Monday, December 11, 2023

Trump-Bashers Torn on Whether to Attack Travel Ban or Outbreak Response

‘He turns everything into what he thinks is a political benefit for himself, and he’s actually imploding in the process…’

(Ben Sellers, Liberty Headlines) As President Donald Trump announced in his Wednesday address from the Oval Office a 30-day travel ban on European countries where the coronavirus has spread rapidly, the president’s attackers reflexively sought to spin it into a liability.

However, many faced a dilemma whether to bash the president for xenophobia or bash him for failing to take the pandemic outbreak seriously.

During testimony before the House Oversight Committee on Wednesday, widely cited pandemic authority Anthony Fauci, director of the National Institute of Allergy and Infectious Diseases, commended Trump for trying to curb travel from infected regions, as Summit News reported.

Trump-Bashers Torn on Whether to Attack President for Travel Ban or Outbreak Response
Donald Trump / PHOTO: Ben Sellers, Liberty Headlines

“Whenever you look at the history of outbreaks, what you see now in an uncontained way … we keep getting people coming into the country that are travel-related,” Fauci said.

“We will see more cases and things will get worse than they are right now,” he continued. “How much worse they get will depend on our ability to do two things: To contain the influx of people who are infected coming from the outside and the ability to contain and mitigate within our own country.”

Yet, as the virus reached U.S. shores and turned from slow-burning concern to widespread alarm, House Democrats doubled-down on their NO BAN Act legislation, intended as a legislative last resort after open-border activists failed to achieve the desired outcome through the Supreme Court.

Last week, the House Judiciary Committee gave the go-ahead for HR-2214, which would seek to negate three executive orders from Trump that empowered government agencies to ban travel from certain countries.

The House act originally was introduced last April by Rep. Judy Chu, D-Calif., along with 63 cosponsors. Its latest version saw the addition of 156 others, bringing the total to 219 cosponsors. All are Democrats.

While most signed on prior to the virus’s outbreak, some, such as Rep. Daniel Lipinski, D-Ill., shrugged off the threat by signing on as recently as last week.

As Summit News reported, Democratic presidential candidate Sen. Bernie Sanders also made clear in a recent town-hall gathering that he opposed at travel ban.

Trump’s planned 30-day ban, announced on Wednesday evening, was—expectedly—panned by some leaders in Europe.

“The European Union failed to take the same precautions and restrict travel from China and other hot spots,” Trump said. “As a result, a large number of new clusters in the United States were seeded by travelers from Europe”.

Several EU members, however, have also initiated their own travel bans now. The Week flashed a bold headline declaring that “The entire country of Norway is ‘shutting down.'”

Meanwhile, the Left struggled to strike the right tone between jubilation over a long-awaited economic downturn and brow-furrowing concern.

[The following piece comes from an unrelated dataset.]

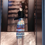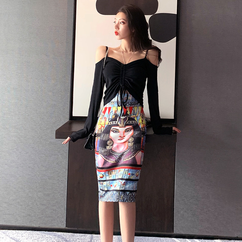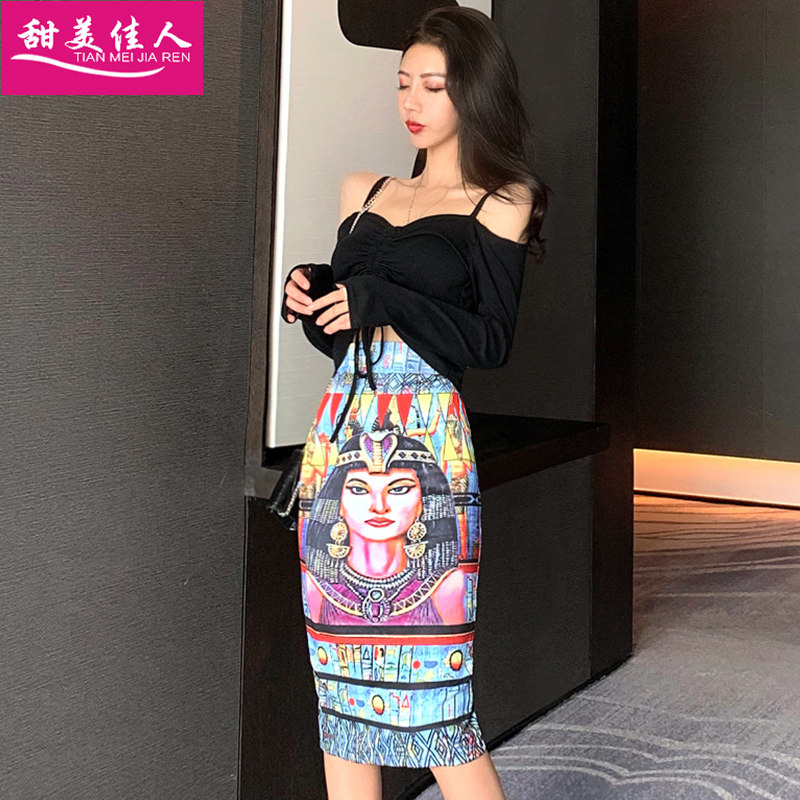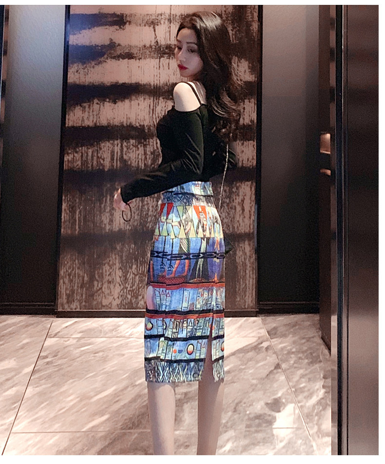 Длинный приталенный сексуальный комплект, с акцентом на бедрах, длина миди, высокая талия
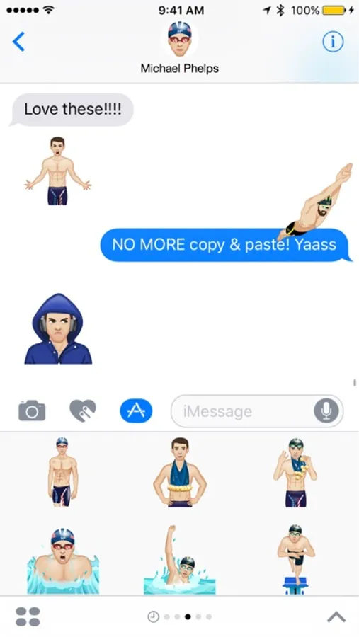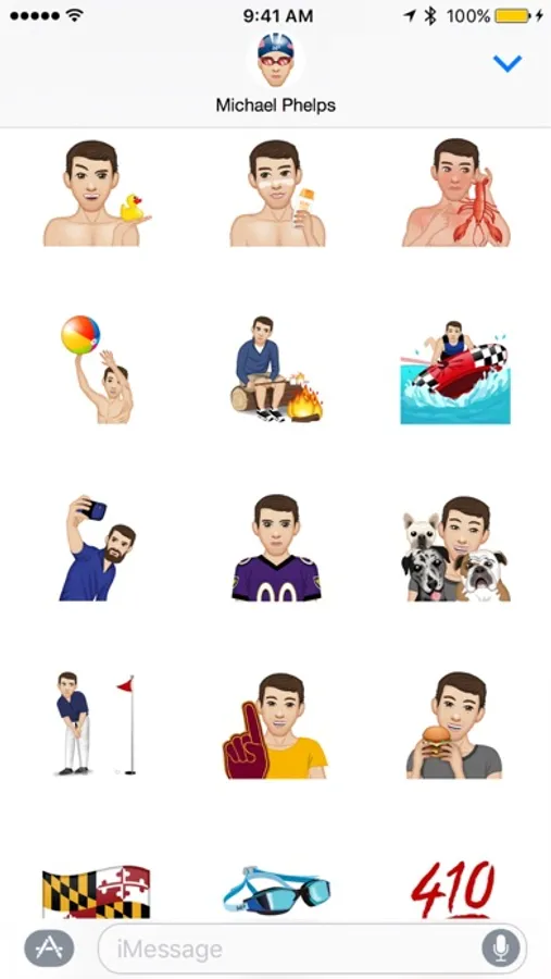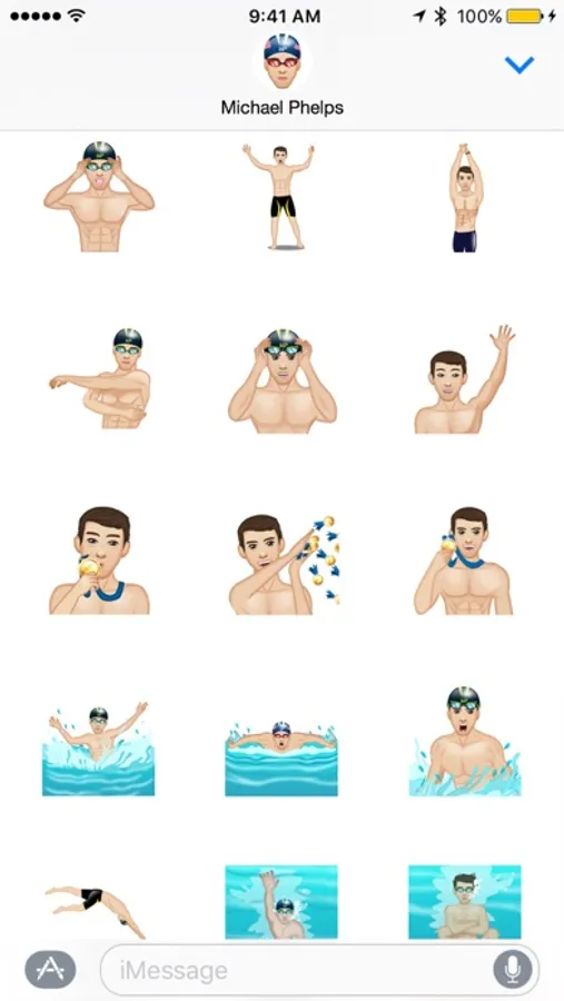 Bring your conversations to life with over 130 of personally curated icons from Michael Phelps by Moji Stickers.

Some—including Democratic front-runner Joe Biden—sought, without evidence, to claim that Trump’s reaction to the health threat, in seeking to avoid widespread panic, was based solely on his desire to politicize the crisis and protect the economy.

Biden said that Trump should “just be quiet” about it and let experts handle the matter.

“I think there’s no confidence in the president in anything he says or does,” Biden told MSNBC’s Last Word. “He turns everything into what he thinks is a political benefit for himself, and he’s actually imploding in the process. But there’s a lot of innocent bystanders being badly hurt.”

Likewise, frequent Trump critic Gov. Andrew Cuomo of New York, who had recently tried to ply Trump with sweet nothings over the initial coronavirus response, saw his opening to resume attacks on Trump Wednesday, complaining that the federal bureaucracy had gotten in the way and that New York would begin its own testing.

““They underestimated the challenge,” said Cuomo, who himself had downplayed the threat last week. “Now, who and how and why, I don’t know.”

Cuomo also announced a plan to have prisoners manufacture a proprietary brand of New York hand sanitizer that would rival price-gouging companies like Purell.